Dataset extract:
☆ ☆ ☆ ☆ ☆ ☆ ☆

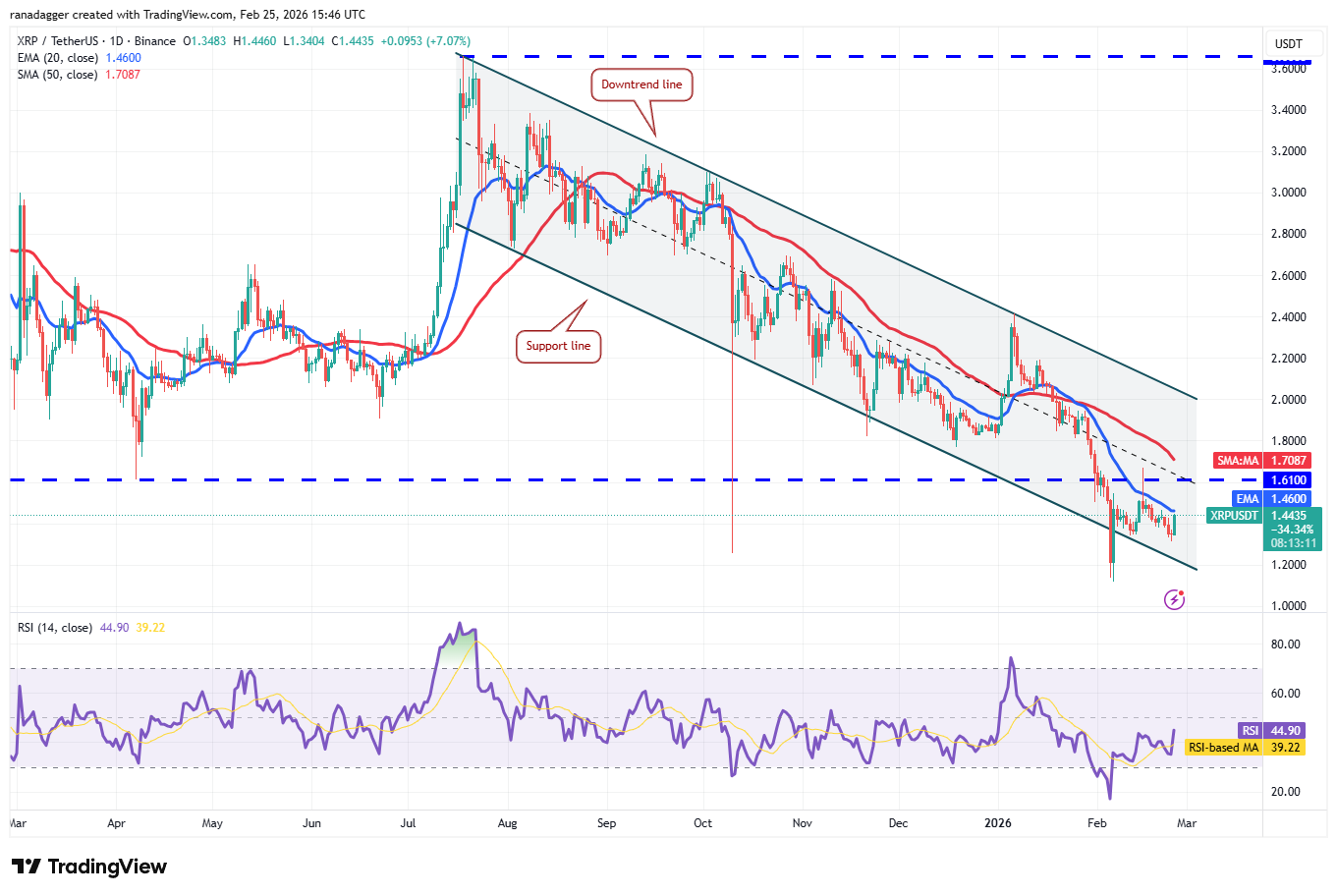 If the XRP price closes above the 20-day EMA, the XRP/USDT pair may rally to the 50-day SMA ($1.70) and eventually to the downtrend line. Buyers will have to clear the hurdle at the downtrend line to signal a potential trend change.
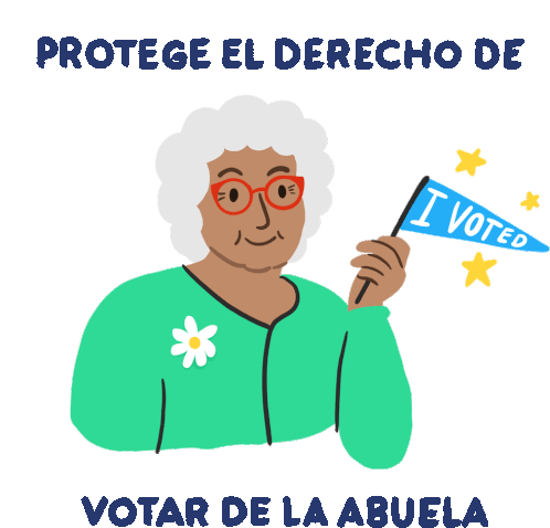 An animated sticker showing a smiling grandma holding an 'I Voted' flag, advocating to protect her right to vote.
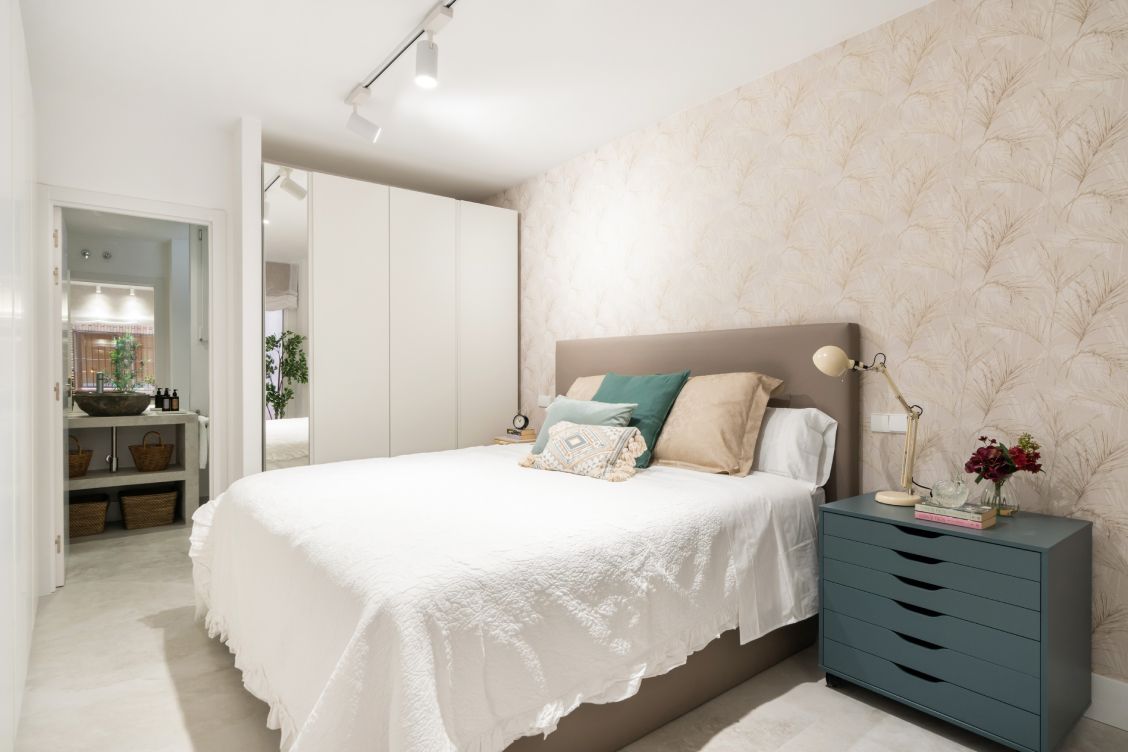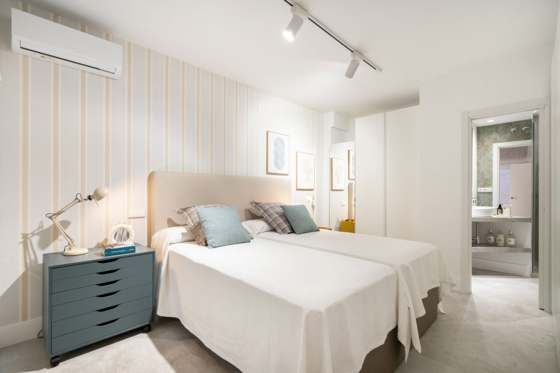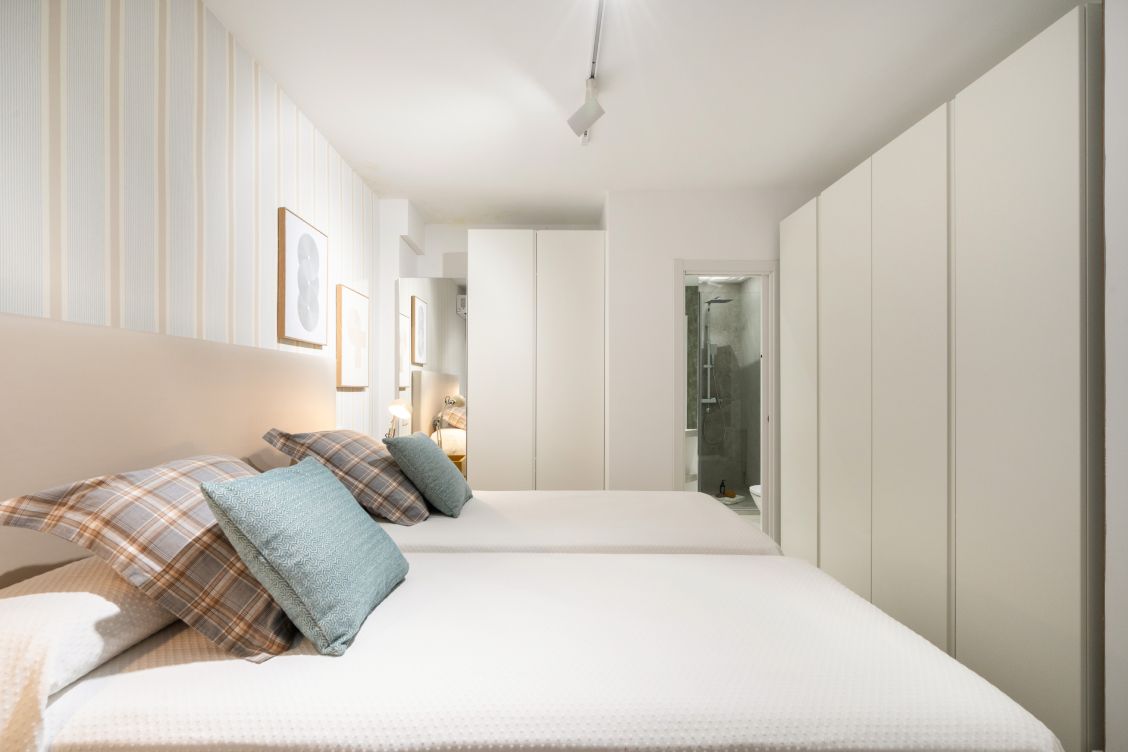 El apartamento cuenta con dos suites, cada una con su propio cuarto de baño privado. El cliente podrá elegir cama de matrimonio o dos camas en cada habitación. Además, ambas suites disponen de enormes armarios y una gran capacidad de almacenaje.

☆ ☆ ☆ ☆ ☆ ☆ ☆

What the task asks: Everything from the first line of the listing above through the line that contains "An animated sticker" is to be restated word for word, minus the pictures.

Worked solution:
 If the XRP price closes above the 20-day EMA, the XRP/USDT pair may rally to the 50-day SMA ($1.70) and eventually to the downtrend line. Buyers will have to clear the hurdle at the downtrend line to signal a potential trend change.
 An animated sticker showing a smiling grandma holding an 'I Voted' flag, advocating to protect her right to vote.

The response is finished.